Published in final edited form as:

PMCID: PMC2769024

NIHMSID: NIHMS148192

CHRISTOPHER J. VITEK,^{1} STEPHANIE L. RICHARDS,^{2} HEATHER L. ROBINSON,^{2} and CHELSEA T. SMARTT^{2,}^{3}

The publisher's final edited version of this article is available at J Am Mosq Control Assoc

Vigilant surveillance of virus prevalence in mosquitoes is essential for risk assessment and outbreak prediction. Accurate virus detection methods are essential for arbovirus surveillance.

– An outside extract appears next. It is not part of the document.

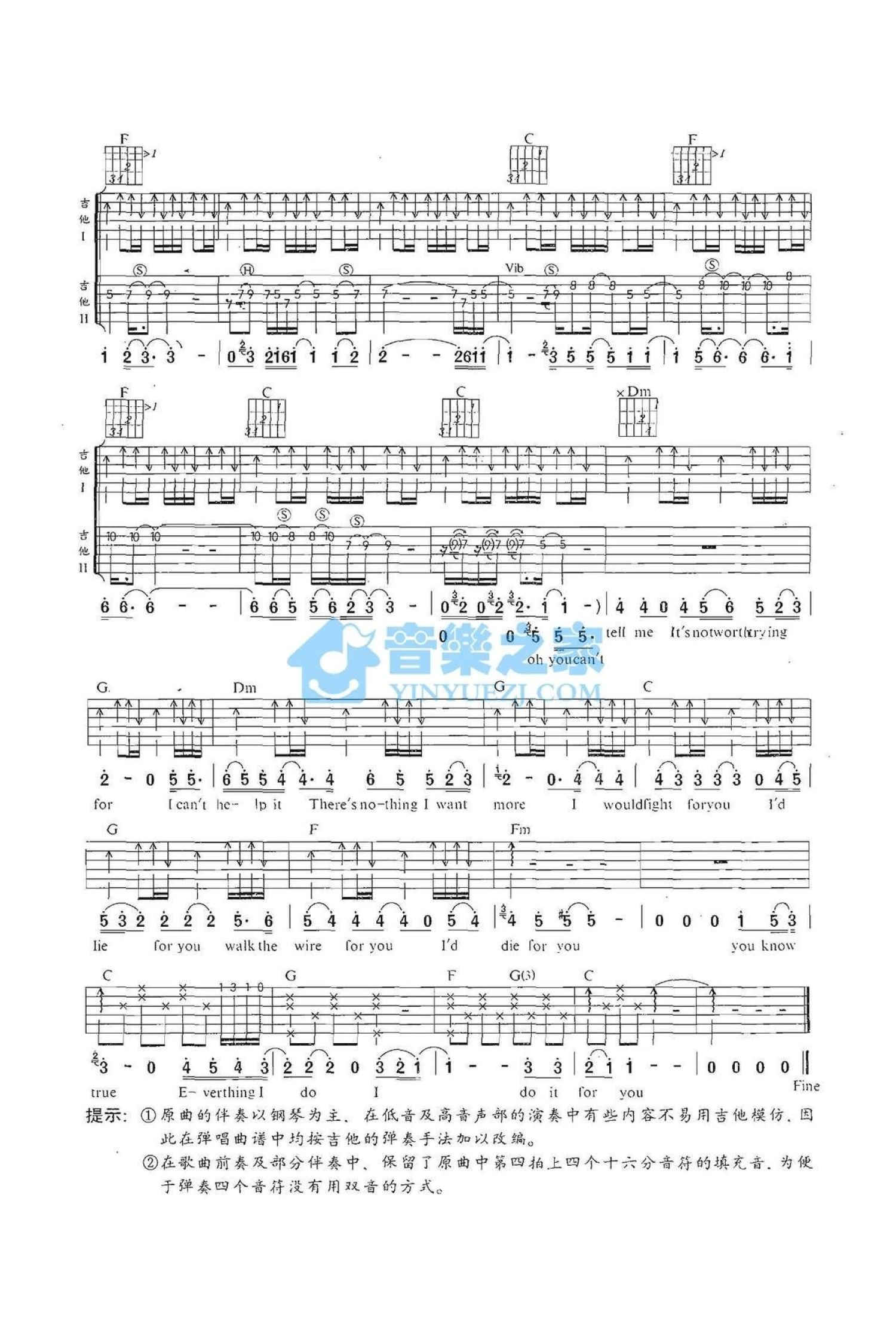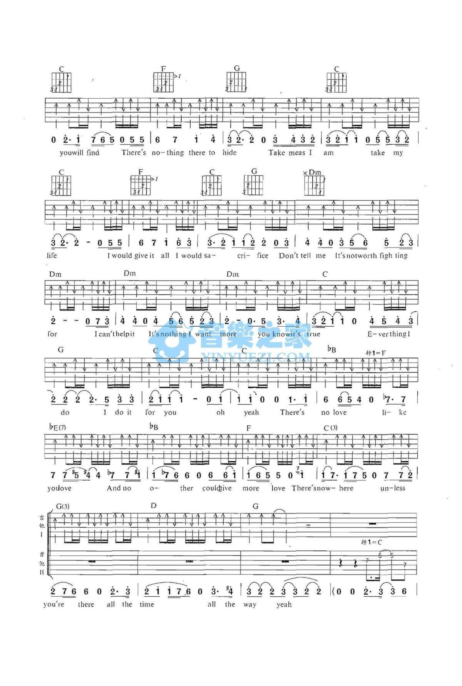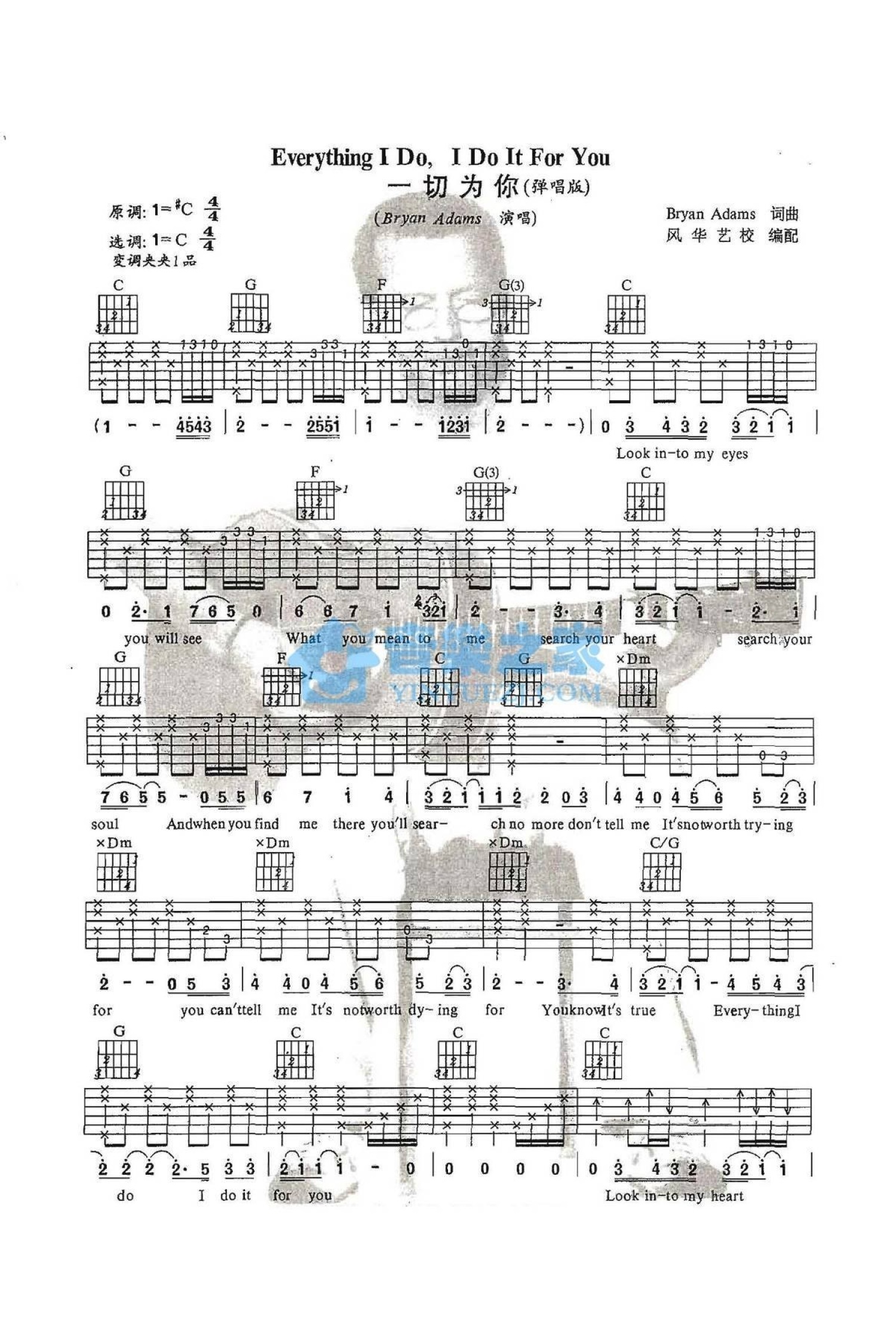 曲谱介绍: C调《EverythingIDoIDoItForYou》吉他弹唱六线谱

We have developed a model to estimate the probability of accurately detecting a virus-positive mosquito from pooled field collections using standard molecular techniques. We discuss several factors influencing the probability of virus detection, including the number of virions in the sample, the total sample volume, and the portion of the sample volume that is being tested. Our model determines the probability of obtaining at least 1 virion in the sample that is tested. The model also determines the optimal sample volume that is required in any test to ensure a desired probability of virus detection is achieved, and can be used to support the accuracy of current tests or to optimize existing techniques.

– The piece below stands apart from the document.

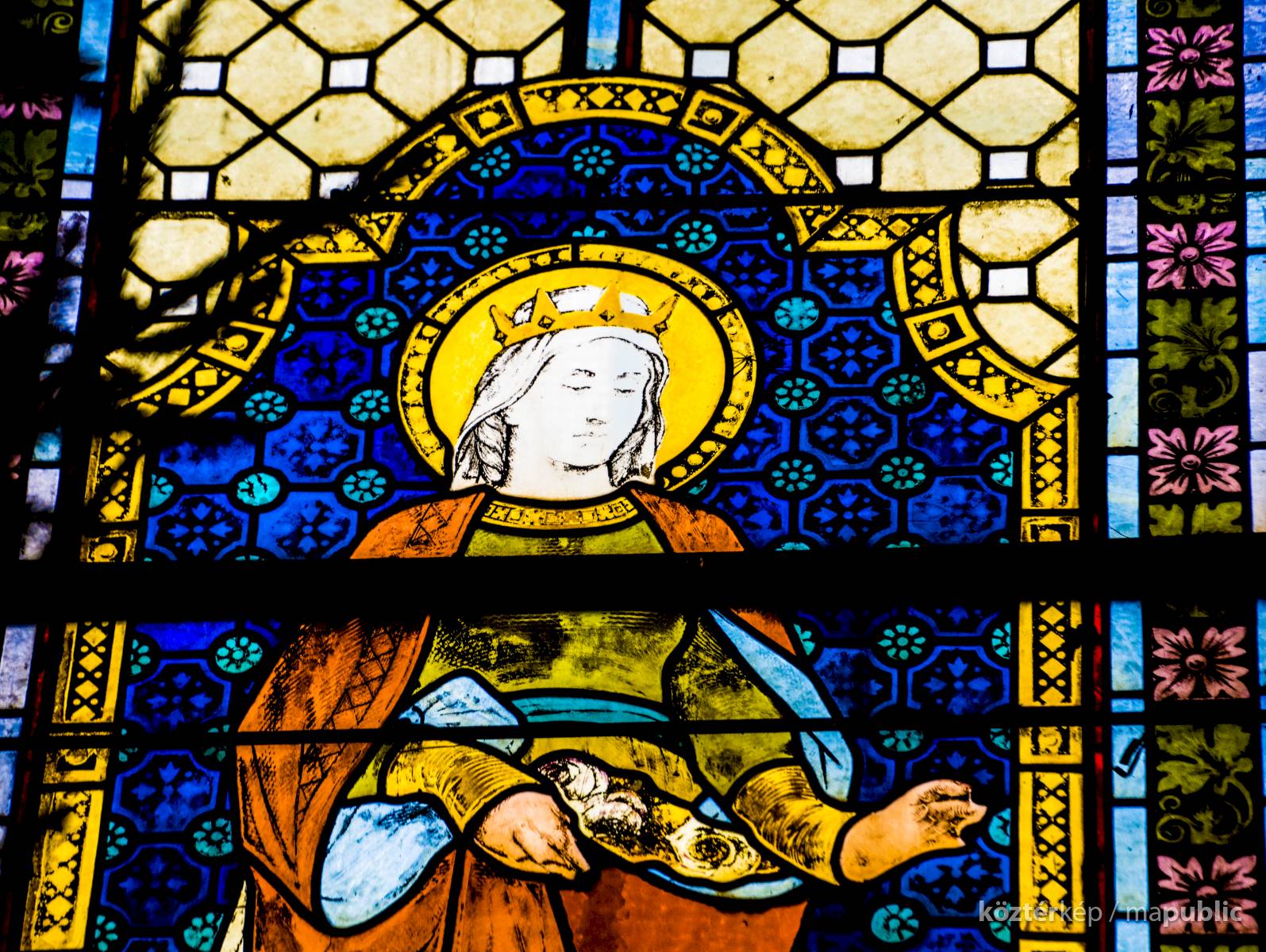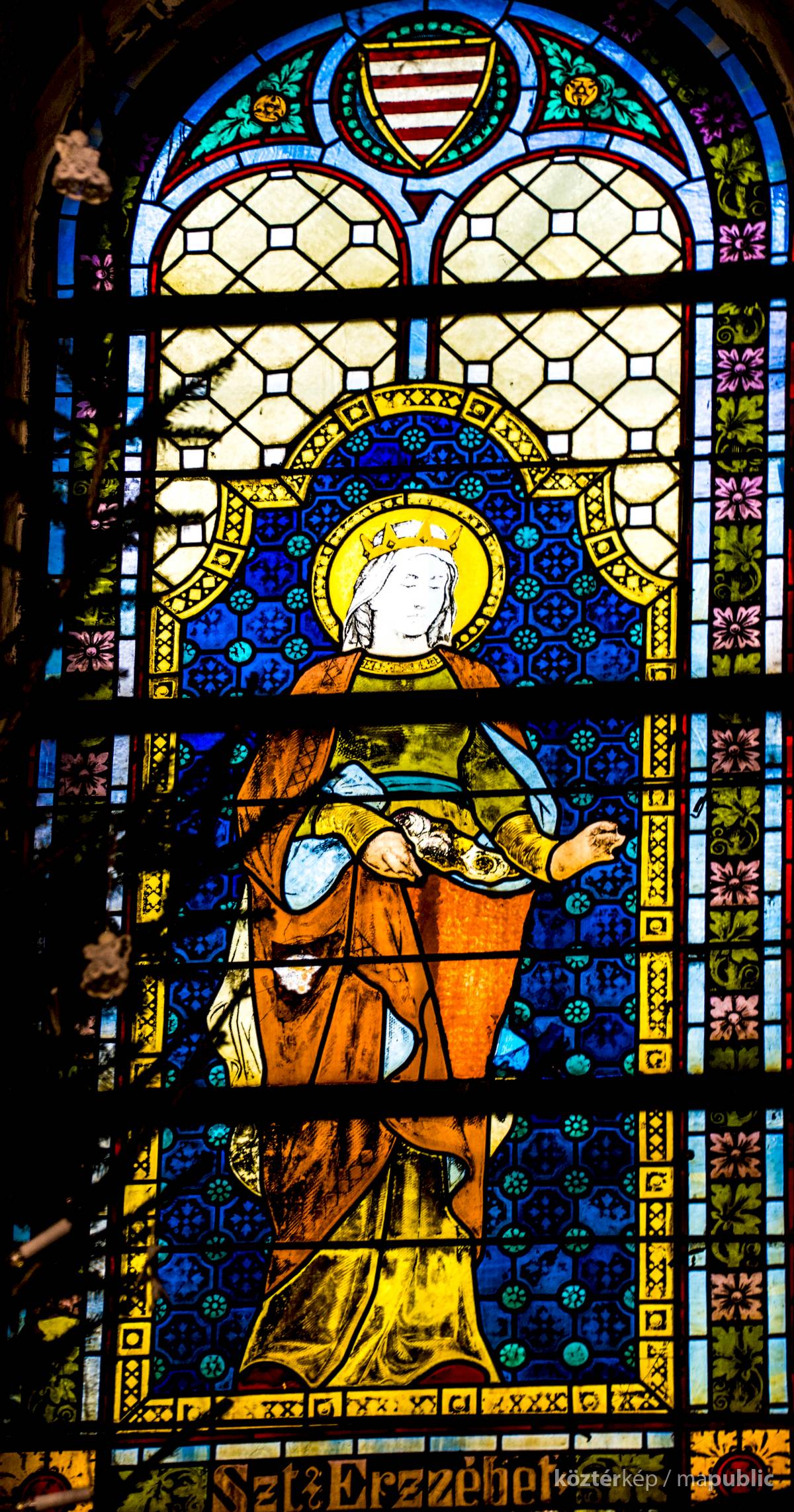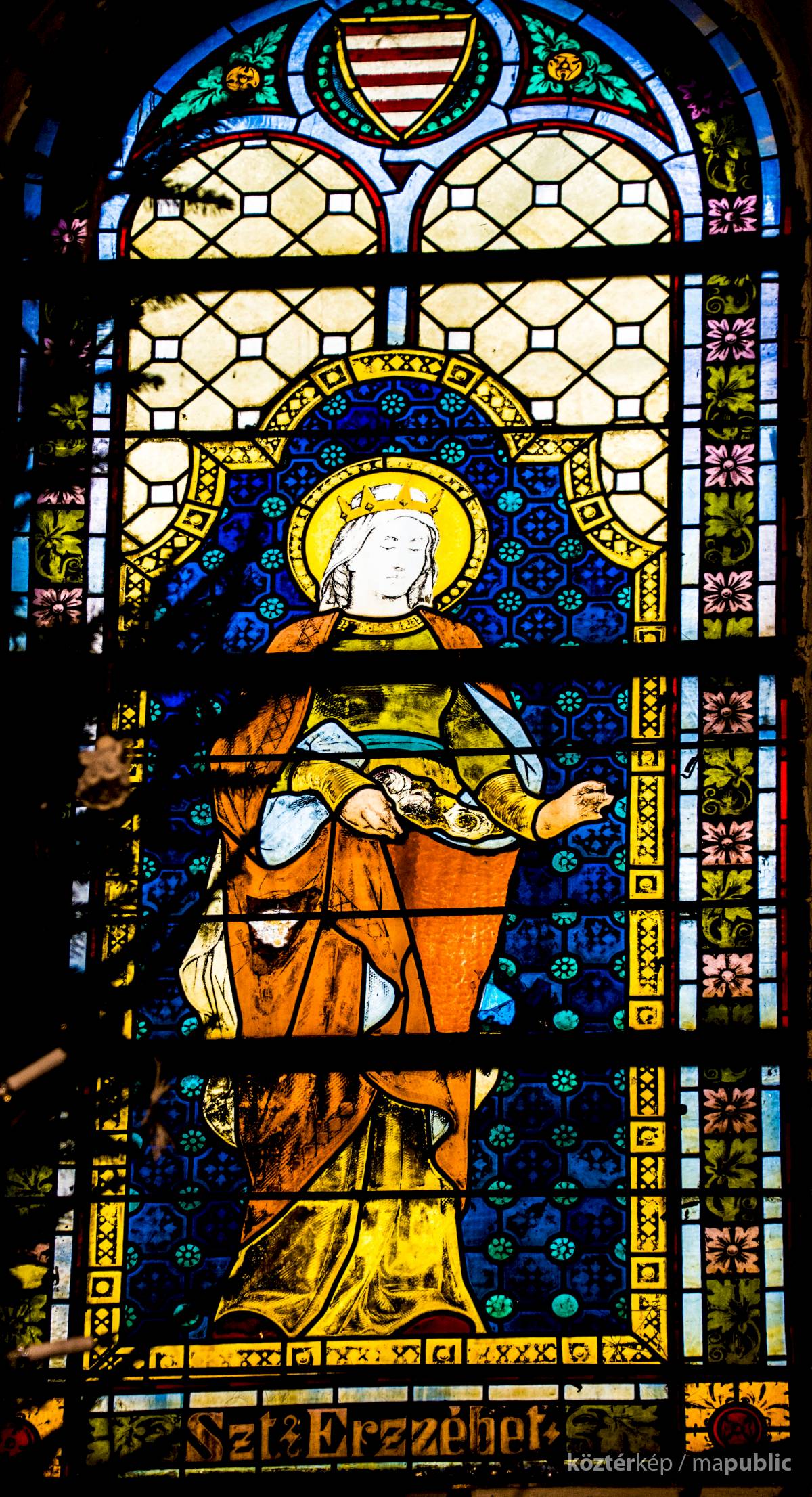üvegablakot találunk. Két Árpád-házi szentet-, Szent Erzsébetet és Szent László királyt ábrázolják.

Arboviral encephalitides such as West Nile, St. Louis encephalitis, eastern equine encephalitis, and western equine encephalomyelitis viruses are threats to human and veterinary health in the United States. Mosquito control and health agencies employ a wide range of surveillance methods for arbovirus detection, including virus testing of field-collected mosquito pools and sentinel chicken serosurveillance (Day and Stark 1996, Day 2001, Blackmore et al. 2003). Common methods for arbovirus testing of mosquito pools include plaque assay, reverse transcriptase polymerase chain reaction (RT-PCR), Rapid Analyte Measurement Platform (RAMP) (Response Biomedical Corporation, Vancouver, BC, Canada), VecTest® (Medical Analysis Systems, Freemont, CA), and quantitative real-time RT-PCR (qRT-PCR) (Blackmore et al. 2003, Bell et al. 2005, Farajollahi et al. 2005, Savage et al. 2006, Turell et al. 2006, Vitek et al. 2008).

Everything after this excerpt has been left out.